"¡Putin asesino!". Pero sus voces se perdían entre el rumor del tráfico y la indiferencia de quienes paseaban por la calle Alcalá, camino de Cibeles. Fue el sábado. A esa hora en que la penumbra empieza a enseñorearse de la tarde. Los miraban, les mirábamos, con una honda tristeza culpable mientras ellos recordaban a gritos que Rusia lleva ya tres años asesinando a sus familias y destrozando sus ciudades. Ondeaban sus banderas nacionales y sostenían pancartas en las que acusaban a Europa de mantenerse expectante y casi temerosa ante la posibilidad de que Rusia (potencia nuclear con una de las mayores reservas de hidrocarburos del mundo) pueda ser derrotada. Paradojas de la geopolítica. Y lo hacían por la calles de la capital de un país cuyo Gobierno de coalición progresista decidió, desde que comenzó la invasión de Ucrania, duplicar la compra de gas natural al tirano, colaborando así al esfuerzo bélico de Putin, como hizo la OPEP, liderada por la integrista islámica Arabia Saudí, al reducir su producción de crudo para subir los precios, o la comunista China, que ha fortalecido sus alianzas comerciales con la dictadura rusa.
"La política internacional no suele tener entrañas; en ella, amistades y sentimentalismos no cuentan. Jamás un país suele llevar su celo por otro más allá de sus propios intereses. Eso es la moneda corriente, y debemos sujetarnos a ella"
No hace mucho (imposible no recordarlo viendo a ese puñado de exiliados que tan ajenos nos resultan) eran los españoles los que, como espectros extraños (así los veían), organizaban manifestaciones en París gritando "¡Franco asesino!", ante la misma indiferencia de los franceses. Pero para entonces, EEUU había optado por dejar a su suerte al pueblo español y consolidar la dictadura franquista por meros intereses geoestratégicos. Muchos españoles de entonces habrían agradecido que el amigo americano hubiese desembarcado en España con sus ideales de democracia liberal y defensa del Estado de derecho.

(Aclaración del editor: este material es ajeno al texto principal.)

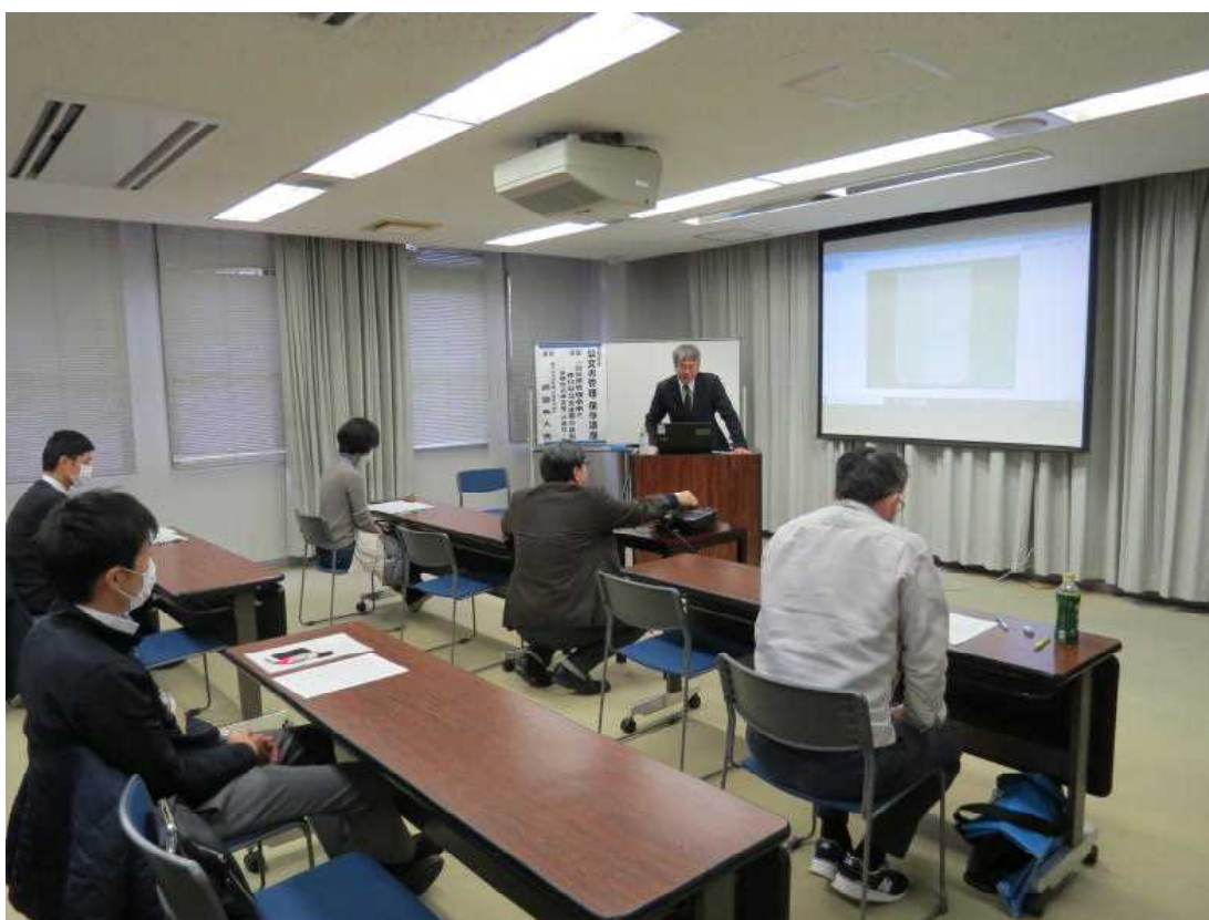
2.26 公文書管理保存講座 会場

No fue posible. Ni con Truman (el genocida de Hiroshima), ni por supuesto con Eisenhower, que se paseó por Madrid para simbolizar los acuerdos que mantuvieron a Franco en el Pardo. Pero tampoco los demócratas Kennedy y Johnson hicieron nada por los españoles ni, por supuesto, los republicanos Nixon y Ford. Franco murió en su cama como, probablemente morirá Putin en la suya, habiendo roto Ucrania y condenado a sus habitantes a la miseria. Porque Trump no es distinto a sus predecesores. Tampoco a Reagan, que financió a Sadam Hussein y a los talibanes e hizo fortuna con las armas iraníes. Un imperio se sostiene sólo mediante la potencia del dinero y la amenaza de la sangre.
Apareció en España en 1952 un libro con el concreto título de Masonería, firmado por un enigmático Jakim Boor. Más allá de la retórica falangista, en su Introducción podía leerse: "La política internacional no suele tener entrañas; en ella, amistades y sentimentalismos no cuentan. Jamás un país suele llevar su celo por otro más allá de sus propios intereses. Eso es la moneda corriente, y debemos sujetarnos a ella". Como los españoles de ayer, lo sufren hoy los ucranianos. Boor (seudónimo de Franco) sabía muy bien de lo que hablaba.